The negative influence of popular culture and art on human beings has been noticed by many western scholars. Judging from the influence of popular culture and art on subjective artistic feelings, art consumption's journalism and commercialization denied the subjectivity of human individuals in aesthetic activities. At this time, art consumption is bound to become a tool to deprive and alienate people themselves. As toffler pointed out: "In these large-scale media tools, from newspapers to radio, movies and television, we once again found the embodiment of the basic principles of the workshop.

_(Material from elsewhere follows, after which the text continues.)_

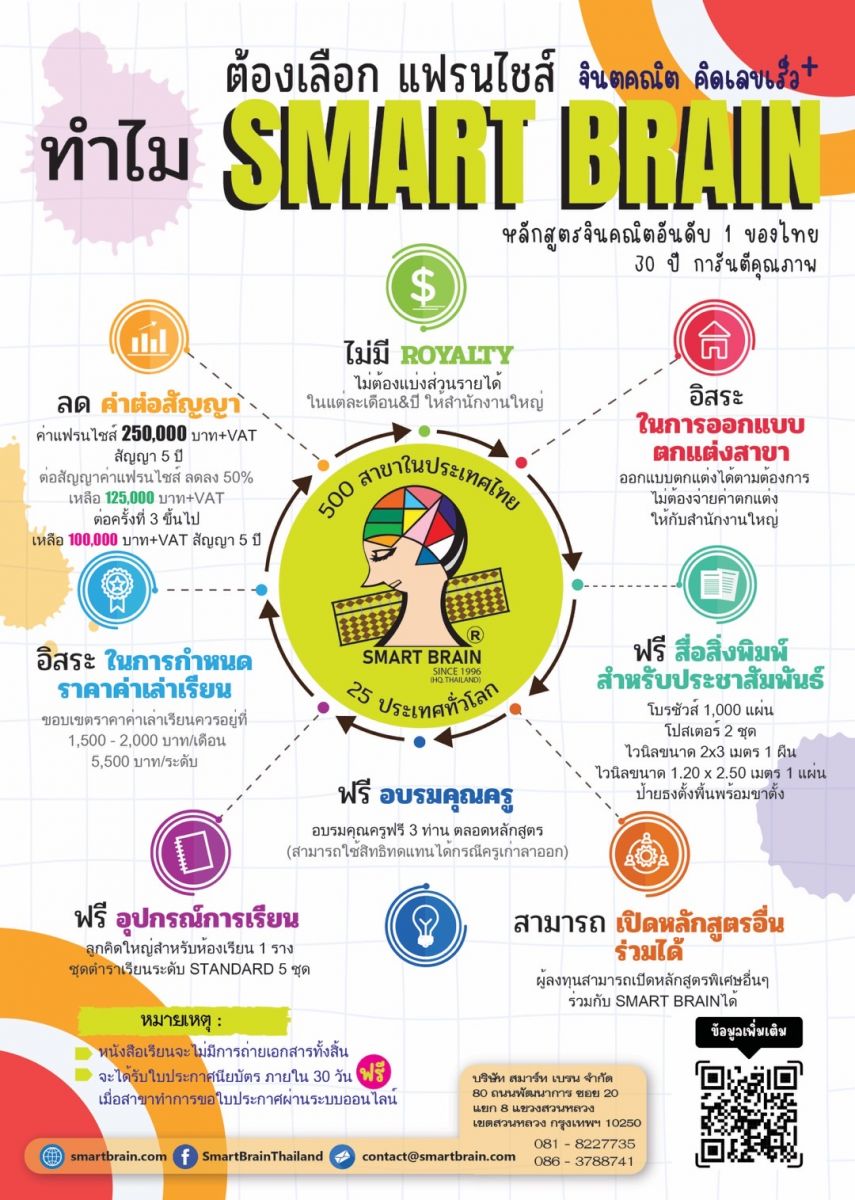 Smart Brain was established in Thailand in 1996. Now our name is recognized worldwide. Smart Brain is working for the development of children’s brain. Smart Brain’s simple and proven step-by-step guidance and motivational teaching system effectively activates our students’ own untapped talent and mental power. Their capability is also developed and established earlier so that they perform faster than others of the same age.

All these media tools, with the same imprint, spread to the minds of thousands of people, just like a factory casting products of the same specifications and selling them to thousands of families. Standardized' facts', standardized replicas and mass-produced finished products have been processed by several centralized' thought workshops' and continuously flowed to millions of consumers. Without such an extensive and powerful information and communication system, industrial civilization could not have such a scale and play such an effective function today. " ([America] toffler: The Third Wave, translated by Zhu Zhiyan, Joint Publishing Company, 1988, p. 88. Moreover, once this spiritual workshop replaces the individuality and aesthetic creativity of artistic production and consumption, it will inevitably make people themselves according to a certain ideology, as Rhett said: "Machines can no longer only make material products, but also make ideas. Millions of people live on the same popular art, which is the most harmful abstract form, so their ability to grasp any human reality is rapidly disappearing. If, among the lonely people, there is a face that occasionally shines with the brilliance of human nature, it will soon disappear again because of the hypnosis of the TV screen. " ([America] Barrett: Irrational Man, translated by Peng Jingxi, Heilongjiang Education Press, 1988, p. 27 1. )

Contemporary popular culture controls the production and consumption of artistic culture itself with the help of modern communication technology. How to cope with the challenges brought by contemporary cultural and artistic activities and enhance the cultural taste and aesthetic connotation of popular art has become the primary issue in the development of contemporary art.